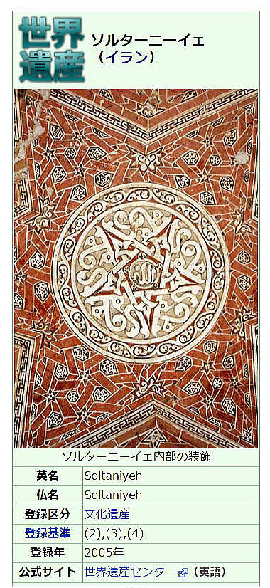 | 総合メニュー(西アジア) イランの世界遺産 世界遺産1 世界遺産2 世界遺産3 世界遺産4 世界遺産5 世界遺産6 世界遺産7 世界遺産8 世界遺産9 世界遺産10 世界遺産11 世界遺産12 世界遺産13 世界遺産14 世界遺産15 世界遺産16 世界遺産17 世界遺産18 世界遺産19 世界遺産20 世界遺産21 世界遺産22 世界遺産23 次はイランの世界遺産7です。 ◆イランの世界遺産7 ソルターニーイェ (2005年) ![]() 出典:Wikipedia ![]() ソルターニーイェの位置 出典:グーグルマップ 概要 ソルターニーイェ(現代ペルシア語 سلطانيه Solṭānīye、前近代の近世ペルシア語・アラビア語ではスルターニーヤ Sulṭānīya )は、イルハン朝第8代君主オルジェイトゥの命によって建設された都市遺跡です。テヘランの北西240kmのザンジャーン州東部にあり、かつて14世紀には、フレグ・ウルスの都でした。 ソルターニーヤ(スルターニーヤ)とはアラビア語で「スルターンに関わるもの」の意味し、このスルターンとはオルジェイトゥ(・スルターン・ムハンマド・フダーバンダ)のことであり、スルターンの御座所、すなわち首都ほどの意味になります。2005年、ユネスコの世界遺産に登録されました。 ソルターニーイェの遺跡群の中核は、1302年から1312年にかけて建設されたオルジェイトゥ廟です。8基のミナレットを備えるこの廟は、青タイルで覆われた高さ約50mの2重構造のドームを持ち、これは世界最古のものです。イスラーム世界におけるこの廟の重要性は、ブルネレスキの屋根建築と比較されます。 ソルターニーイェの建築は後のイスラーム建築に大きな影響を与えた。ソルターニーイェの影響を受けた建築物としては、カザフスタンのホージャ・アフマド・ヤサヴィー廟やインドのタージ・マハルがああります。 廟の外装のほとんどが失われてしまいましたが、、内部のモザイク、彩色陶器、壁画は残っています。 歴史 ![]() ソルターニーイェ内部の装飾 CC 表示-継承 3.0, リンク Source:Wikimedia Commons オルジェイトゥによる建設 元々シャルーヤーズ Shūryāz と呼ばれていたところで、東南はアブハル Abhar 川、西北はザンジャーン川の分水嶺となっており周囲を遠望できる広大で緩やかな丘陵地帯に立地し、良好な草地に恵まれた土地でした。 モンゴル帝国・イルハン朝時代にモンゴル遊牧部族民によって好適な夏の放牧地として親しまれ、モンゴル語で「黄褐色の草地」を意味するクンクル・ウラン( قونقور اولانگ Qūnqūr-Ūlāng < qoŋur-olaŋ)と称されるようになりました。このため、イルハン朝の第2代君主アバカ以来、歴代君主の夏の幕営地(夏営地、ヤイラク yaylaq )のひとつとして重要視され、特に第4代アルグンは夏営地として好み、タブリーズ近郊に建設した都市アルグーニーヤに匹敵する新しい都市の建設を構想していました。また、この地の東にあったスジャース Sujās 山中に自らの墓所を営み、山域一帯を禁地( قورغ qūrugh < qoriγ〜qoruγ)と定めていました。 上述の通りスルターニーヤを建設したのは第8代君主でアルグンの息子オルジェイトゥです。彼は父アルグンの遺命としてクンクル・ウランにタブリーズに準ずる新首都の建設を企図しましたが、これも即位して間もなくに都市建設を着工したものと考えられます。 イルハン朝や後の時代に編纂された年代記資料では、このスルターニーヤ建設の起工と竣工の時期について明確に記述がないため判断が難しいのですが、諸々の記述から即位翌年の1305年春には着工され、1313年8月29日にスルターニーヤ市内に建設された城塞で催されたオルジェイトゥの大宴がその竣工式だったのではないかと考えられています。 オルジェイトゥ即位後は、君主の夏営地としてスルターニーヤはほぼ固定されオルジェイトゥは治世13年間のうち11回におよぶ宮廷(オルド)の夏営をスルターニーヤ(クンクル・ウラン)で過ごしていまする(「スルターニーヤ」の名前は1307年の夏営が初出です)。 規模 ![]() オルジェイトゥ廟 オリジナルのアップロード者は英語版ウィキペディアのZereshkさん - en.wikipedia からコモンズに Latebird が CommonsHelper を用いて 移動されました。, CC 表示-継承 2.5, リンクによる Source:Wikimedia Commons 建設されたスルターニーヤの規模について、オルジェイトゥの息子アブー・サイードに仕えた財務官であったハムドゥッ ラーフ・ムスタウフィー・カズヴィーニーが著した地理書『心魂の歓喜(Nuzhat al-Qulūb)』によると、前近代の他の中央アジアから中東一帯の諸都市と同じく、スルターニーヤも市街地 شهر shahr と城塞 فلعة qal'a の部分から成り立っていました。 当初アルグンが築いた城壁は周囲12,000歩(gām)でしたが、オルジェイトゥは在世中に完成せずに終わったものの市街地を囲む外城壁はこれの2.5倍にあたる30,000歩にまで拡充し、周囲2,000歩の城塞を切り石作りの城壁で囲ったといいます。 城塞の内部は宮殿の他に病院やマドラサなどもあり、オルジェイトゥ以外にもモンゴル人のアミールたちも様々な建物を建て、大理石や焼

--------------------

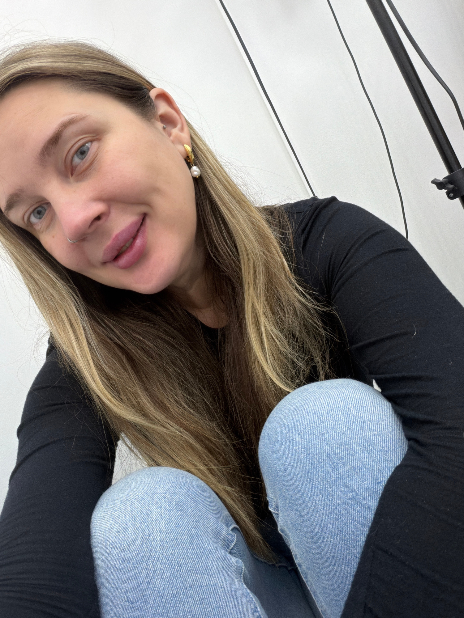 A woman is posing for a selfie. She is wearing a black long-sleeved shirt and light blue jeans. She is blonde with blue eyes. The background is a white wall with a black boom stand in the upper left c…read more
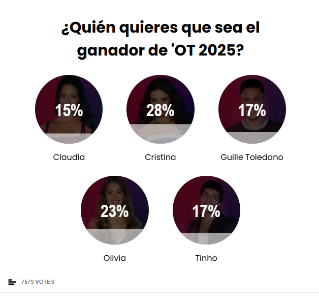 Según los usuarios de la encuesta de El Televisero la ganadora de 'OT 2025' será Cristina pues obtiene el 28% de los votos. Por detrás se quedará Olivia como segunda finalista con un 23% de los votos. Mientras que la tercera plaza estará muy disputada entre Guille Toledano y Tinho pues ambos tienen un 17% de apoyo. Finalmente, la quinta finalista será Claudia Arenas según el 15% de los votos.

--------------------

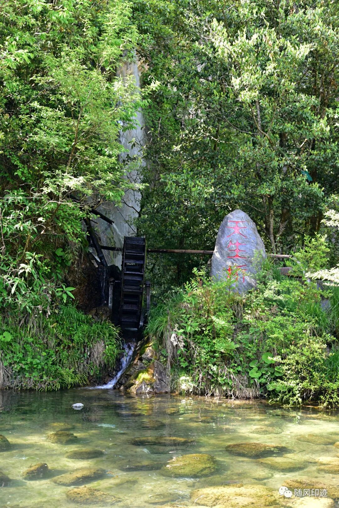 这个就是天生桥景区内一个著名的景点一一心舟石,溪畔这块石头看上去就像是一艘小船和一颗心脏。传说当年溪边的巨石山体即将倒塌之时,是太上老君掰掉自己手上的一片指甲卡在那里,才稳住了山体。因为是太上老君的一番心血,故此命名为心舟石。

--------------------

▶ [AIM OF THE TASK] Using the data above, print only the lines starting at the one with "A woman is posing" and ending at the one with "Según los usuarios", exactly as they stand, minus the pictures.

▶ [WRITTEN ANSWER]
 A woman is posing for a selfie. She is wearing a black long-sleeved shirt and light blue jeans. She is blonde with blue eyes. The background is a white wall with a black boom stand in the upper left c…read more
 Según los usuarios de la encuesta de El Televisero la ganadora de 'OT 2025' será Cristina pues obtiene el 28% de los votos. Por detrás se quedará Olivia como segunda finalista con un 23% de los votos. Mientras que la tercera plaza estará muy disputada entre Guille Toledano y Tinho pues ambos tienen un 17% de apoyo. Finalmente, la quinta finalista será Claudia Arenas según el 15% de los votos.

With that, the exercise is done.